Requirement | Exactly as written, retype the lines that run from the line holding "Personenerkennung dank Lichtschranke" through the end of the records below. Do not include pictures.

+++ Study material

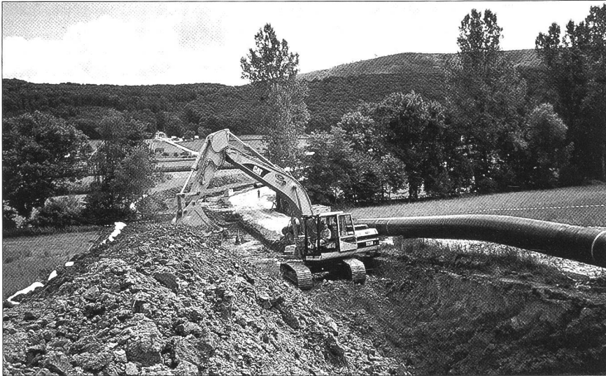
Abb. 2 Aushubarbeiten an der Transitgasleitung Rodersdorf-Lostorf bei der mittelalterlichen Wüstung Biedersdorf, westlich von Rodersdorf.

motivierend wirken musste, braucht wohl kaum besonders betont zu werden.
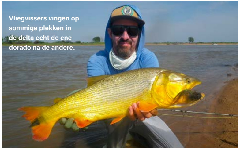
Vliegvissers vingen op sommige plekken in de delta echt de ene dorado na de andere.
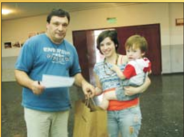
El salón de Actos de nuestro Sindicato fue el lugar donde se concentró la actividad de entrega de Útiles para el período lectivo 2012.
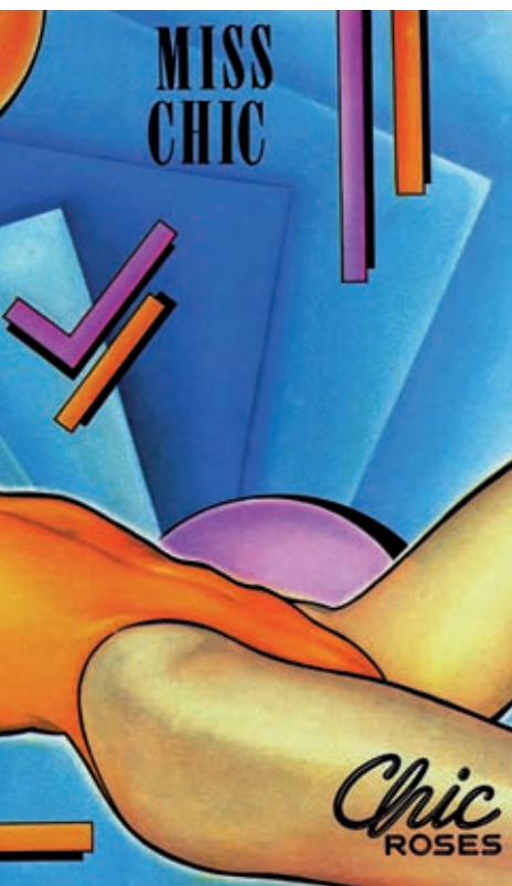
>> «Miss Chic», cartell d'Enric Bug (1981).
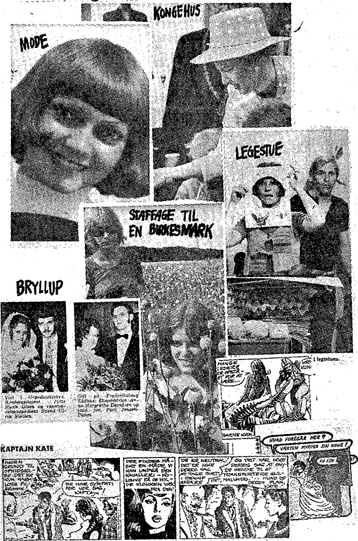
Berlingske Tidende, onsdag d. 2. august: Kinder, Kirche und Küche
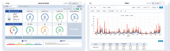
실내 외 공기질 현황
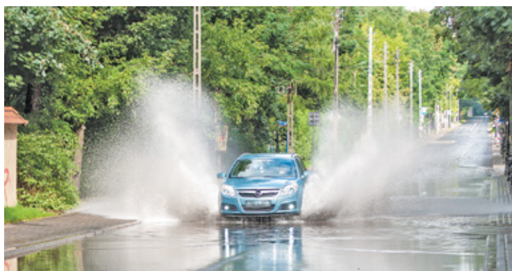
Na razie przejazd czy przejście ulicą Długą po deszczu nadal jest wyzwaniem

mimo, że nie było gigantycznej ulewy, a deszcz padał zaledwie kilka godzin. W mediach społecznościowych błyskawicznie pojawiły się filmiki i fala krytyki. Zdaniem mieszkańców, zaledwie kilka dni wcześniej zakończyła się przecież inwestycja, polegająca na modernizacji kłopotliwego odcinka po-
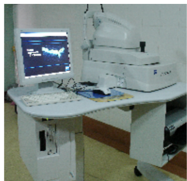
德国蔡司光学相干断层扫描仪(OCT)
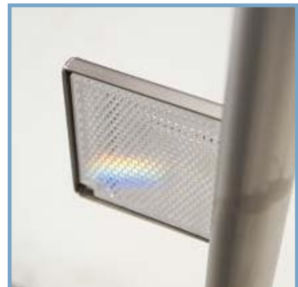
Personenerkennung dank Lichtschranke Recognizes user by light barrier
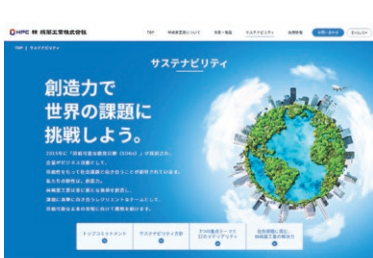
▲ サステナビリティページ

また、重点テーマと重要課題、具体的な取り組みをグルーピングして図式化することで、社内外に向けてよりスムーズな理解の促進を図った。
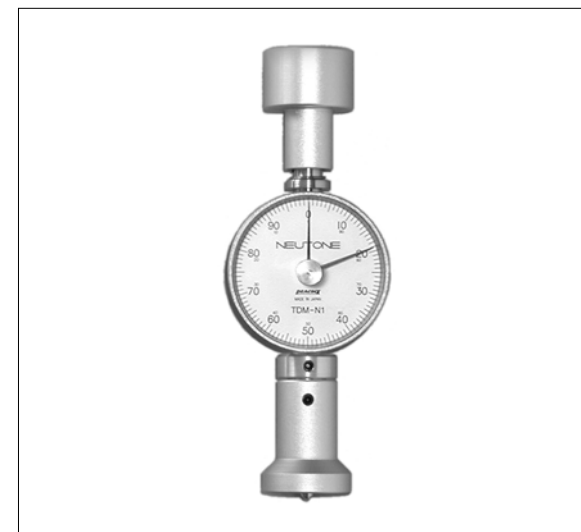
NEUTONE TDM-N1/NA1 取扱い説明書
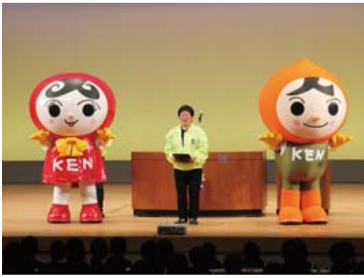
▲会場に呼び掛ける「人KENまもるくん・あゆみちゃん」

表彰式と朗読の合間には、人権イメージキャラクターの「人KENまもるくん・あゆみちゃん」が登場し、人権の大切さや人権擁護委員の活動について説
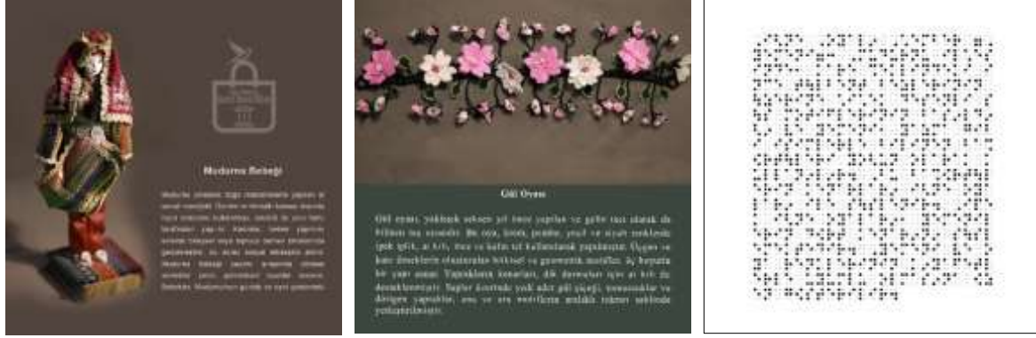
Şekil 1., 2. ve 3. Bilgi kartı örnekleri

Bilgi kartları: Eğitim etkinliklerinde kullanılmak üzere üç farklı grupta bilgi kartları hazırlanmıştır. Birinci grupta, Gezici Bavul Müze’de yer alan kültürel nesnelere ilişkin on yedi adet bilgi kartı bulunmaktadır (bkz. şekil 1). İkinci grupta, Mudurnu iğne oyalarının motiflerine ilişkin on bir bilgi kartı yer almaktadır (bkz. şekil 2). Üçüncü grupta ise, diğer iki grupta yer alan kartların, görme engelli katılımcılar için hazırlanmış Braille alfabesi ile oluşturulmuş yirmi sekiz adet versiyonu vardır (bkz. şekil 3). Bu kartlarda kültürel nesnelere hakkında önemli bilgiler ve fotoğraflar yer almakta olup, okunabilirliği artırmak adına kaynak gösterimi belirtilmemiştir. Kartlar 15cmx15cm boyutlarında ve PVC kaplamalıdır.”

++++++

Problem solution |
Personenerkennung dank Lichtschranke Recognizes user by light barrier
▲ サステナビリティページ

また、重点テーマと重要課題、具体的な取り組みをグルーピングして図式化することで、社内外に向けてよりスムーズな理解の促進を図った。
NEUTONE TDM-N1/NA1 取扱い説明書
▲会場に呼び掛ける「人KENまもるくん・あゆみちゃん」

表彰式と朗読の合間には、人権イメージキャラクターの「人KENまもるくん・あゆみちゃん」が登場し、人権の大切さや人権擁護委員の活動について説
Şekil 1., 2. ve 3. Bilgi kartı örnekleri

Bilgi kartları: Eğitim etkinliklerinde kullanılmak üzere üç farklı grupta bilgi kartları hazırlanmıştır. Birinci grupta, Gezici Bavul Müze’de yer alan kültürel nesnelere ilişkin on yedi adet bilgi kartı bulunmaktadır (bkz. şekil 1). İkinci grupta, Mudurnu iğne oyalarının motiflerine ilişkin on bir bilgi kartı yer almaktadır (bkz. şekil 2). Üçüncü grupta ise, diğer iki grupta yer alan kartların, görme engelli katılımcılar için hazırlanmış Braille alfabesi ile oluşturulmuş yirmi sekiz adet versiyonu vardır (bkz. şekil 3). Bu kartlarda kültürel nesnelere hakkında önemli bilgiler ve fotoğraflar yer almakta olup, okunabilirliği artırmak adına kaynak gösterimi belirtilmemiştir. Kartlar 15cmx15cm boyutlarında ve PVC kaplamalıdır.”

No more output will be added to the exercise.